The thing that makes an agent an agent is the loop. And the point of the loop is not autonomy. It’s correction.
Let Agents Be Wrong
This is the observation that I think gets insufficient weight. Models produce the wrong bash command. They grep for a pattern that doesn’t exist. They look for information in the wrong place. They misparse the user’s request on the first pass. This isn’t a bug. It’s a property. Models are probabilistic. They are confidently, fluently wrong some percentage of the time.
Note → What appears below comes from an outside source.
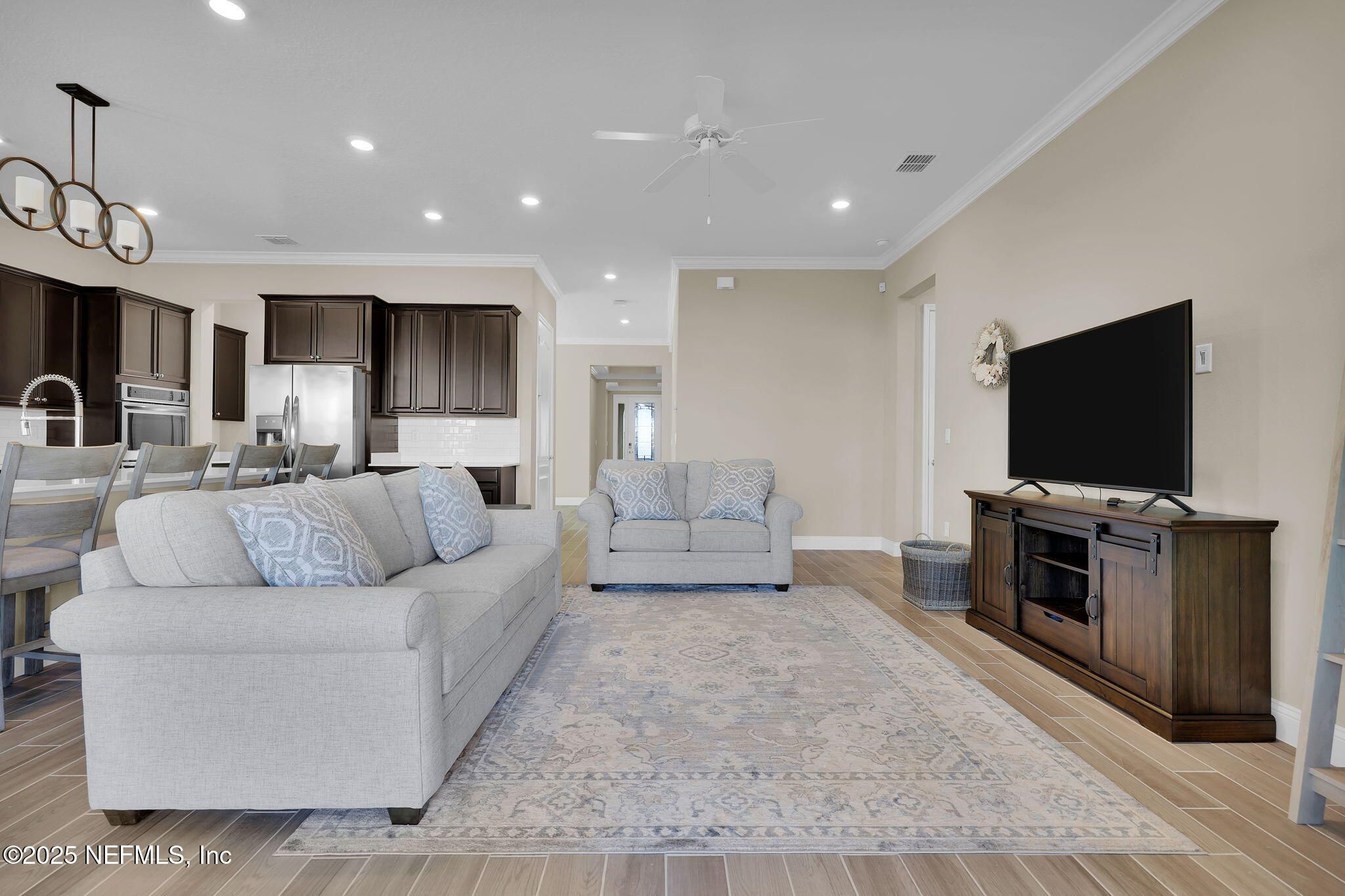 Maintenance-Free Luxury in Nocatee's Premier 55+ Gated Community! This meticulously maintained 3BR/2.5BA plus flex/dining room home is designed for low-maintenance, resort-style living in Artisan Lakes. The open floor plan features a gourmet kitchen with quartz countertops, stainless steel appliances, and a large entertainer's island. The spacious primary suite includes a spa-like bath and walk-in closet. Relax year-round on the screened lanai overlooking a peaceful, private backyard. Community amenities include a clubhouse, fitness center, resort-style pool, pickleball, walking trails, and a vibrant social calendar—plus full access to Nocatee's Splash & Spray parks, dog parks, trails, and more. Conveniently located near shopping, dining, golf, and major highways. Schedule your tour today!

The instinct is to prevent this. Constrain the tools. Narrow the prompts. Build guardrails so tight that the model can’t make a wrong move. I get it. But it’s the wrong optimization. You’re spending your engineering effort trying to make a probabilistic system deterministic. You will lose that fight.
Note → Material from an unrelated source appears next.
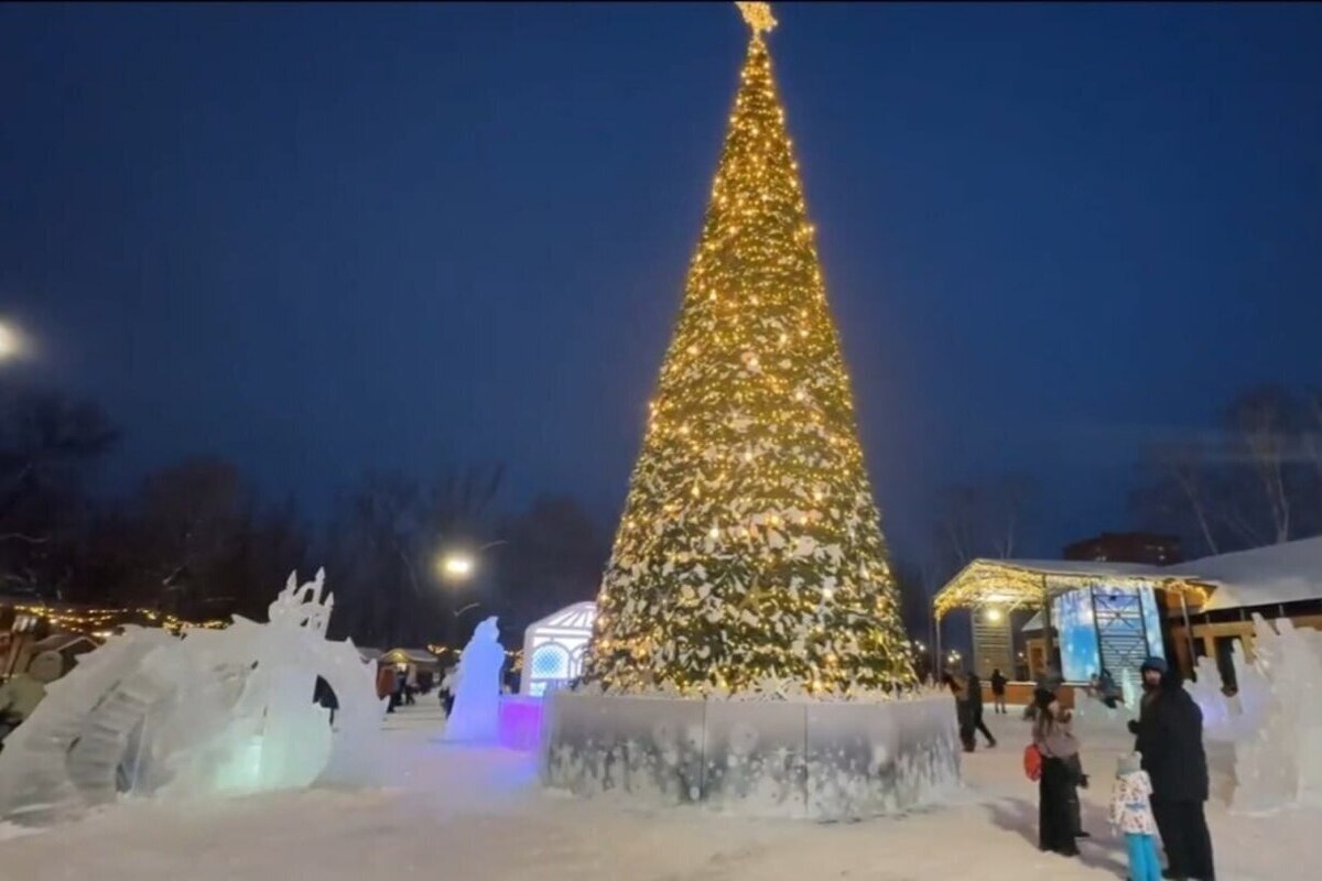 Во время открытия центрального районного новогоднего городка торжественно зажгли огоньки на ëлке.

The better move is to let the model be wrong and give it the machinery to recover. In a single-shot tool call, failure is terminal. The model tried. It was wrong. You got bad output. Done. In a loop, that same failure is a data point. The model sees what went wrong and adjusts. Allow the mistakes. They rapidly converge on correct.
What Correction Looks Like
Put this in a customer service context. An agent hears a problem description. Its goal: find the customer’s order and resolve the issue.
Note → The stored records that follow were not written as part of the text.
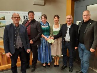Bild der Spendenübergabe von links: Bürgermeister Stefan Reichelt, Bürgermeister Anton Wimmer, Frau Irmingard Wagner, Frau Christine Wimmer, Verbandsvorsitzender Benno Graf, Bürgermeister Martin Bartlweber
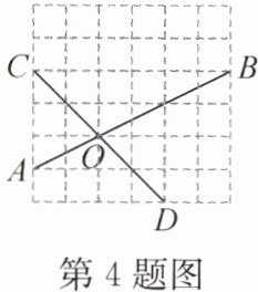 4. 在如图的正方形方格纸中,每个小的四边形都是相同的正方形,点 $ A $,$ B $,$ C $,$ D $ 都在格点处,$ AB $ 与 $ CD $ 相交于点 $ O $,则 $ \tan \angle AOC $ 的值为
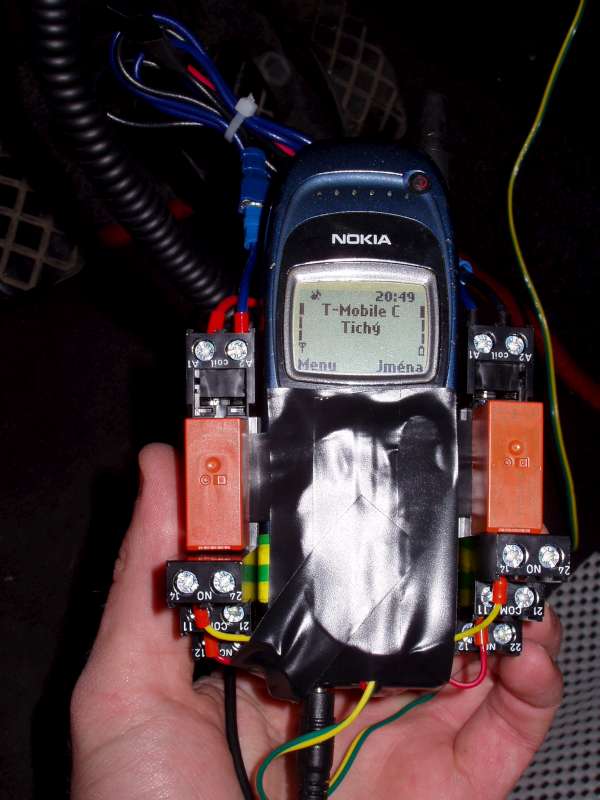. Vypínací tlačítko telefonu je vyvedeno externě. V telefonu SIM s aktivovanou lokalizací polohy přes GSM - moc přesné to není, ale alespoň něco. Ještě se mi tu váli jedno HF, takže to tentokrát chci udělat i s natažením mikrofonu do interiéru.

Four steps. Two outright failures. The agent didn’t stall on any of them. Each failure was information. The knowledge base miss told the agent this wasn’t a known documentation issue. The phone number miss told it the customer’s contact info was unreliable. The name lookup succeeded and unlocked everything downstream.
A human support rep does exactly this. They try one thing, it doesn’t work, they try another. The skill isn’t knowing the right path on the first attempt. It’s narrowing the problem space with each attempt until the right path becomes obvious. That behavior, applied to an LLM with tool access, is what makes agents formidable.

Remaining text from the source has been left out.